Unfortunately, it is easy for a noncitizen, legal or illegal, to register and vote with little chance of being caught, because states don’t verify citizenship. That needs to change. States should require proof of citizenship to register to vote. They should also use available Department of Homeland Security records to check the citizenship of registered voters.
For those of us who’ve been called for jury duty, you may recall that you had to swear under oath that you are a U.S. citizen. Yet very few states require state courts to notify election and law enforcement officials when individuals called for jury duty using voter registration lists are excused because they are not U.S. citizens.
Furthermore, federal courts also use state voter registration lists to find jurors for federal cases. Yet they also don’t notify states when those called for jury duty are excused for not being U.S. citizens. This should have been changed years ago.
Absentee ballots are the only ballots voted outside the supervision of election officials and outside the observation of poll watchers, making them particularly susceptible to fraud, forgery, theft, and numerous other problems we’ve seen surface in this year’s election.
For that reason, the use of absentee ballots should be limited to individuals who have a valid reason, such as being disabled or out of town on Election Day, to vote absentee. They should require witness signatures or notarization and the signatures of voters on both absentee ballot request forms, and the absentee ballots themselves should be compared to the signature of the voter on file before they are accepted.
With all of the disputes over absentee ballots received after Election Day, the deadline in every state for receipt of a completed absentee ballot should be Election Day itself. Voters have many weeks prior to Election Day to obtain and vote via absentee ballot. There is simply no reason to have a deadline past that day.
Additionally, vote harvesting should be banned in every state. You are just asking for trouble if you give candidates, campaign staffers, party activists, and political consultants the ability to pick up and handle the ballots of voters—including subjecting voters to coercion and intimidation.
Absentee ballots should only go to voters who request them—there should be no automatic mailing of such ballots to all registered voters. Why? Because as this and past elections have shown, state voter registration lists are in terrible shape, filled with voters who have moved, died, or otherwise become ineligible.
That is because many states are not taking the most basic steps to keep their lists accurate and up to date.

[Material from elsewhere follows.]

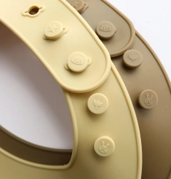 Il silicone impermeabile si pulisce con una passata o un risciacquo. I bavaglini possono essere lavati in lavastoviglie fino a 70 °C e si arrotolano facilmente per i viaggi.

They need to be comparing their voter registration lists with other states; using available state, federal, and commercial databases such as credit agencies, tax records, driver’s licenses, and public assistance filings; Department of Homeland Security alien records; and deaths listed by the Social Security Administration and other government agencies.
These fixes are just a start. There are many others to add to this list, including more vigorous investigations and prosecutions of fraud by election and law enforcement officials who all too often don’t want to know about these problems or don’t take them seriously.
We have razor-thin elections all the time in this country at the federal, state, and local levels. As the Supreme Court and many others have pointed out, including the bipartisan Carter/Baker Commission on Federal Election Reform, fraud can make the difference in a close election. And so can errors and slip-ups by election officials.
That is why state officials all over the country need to concentrate on addressing all of these vulnerabilities and problems and finally do something about them.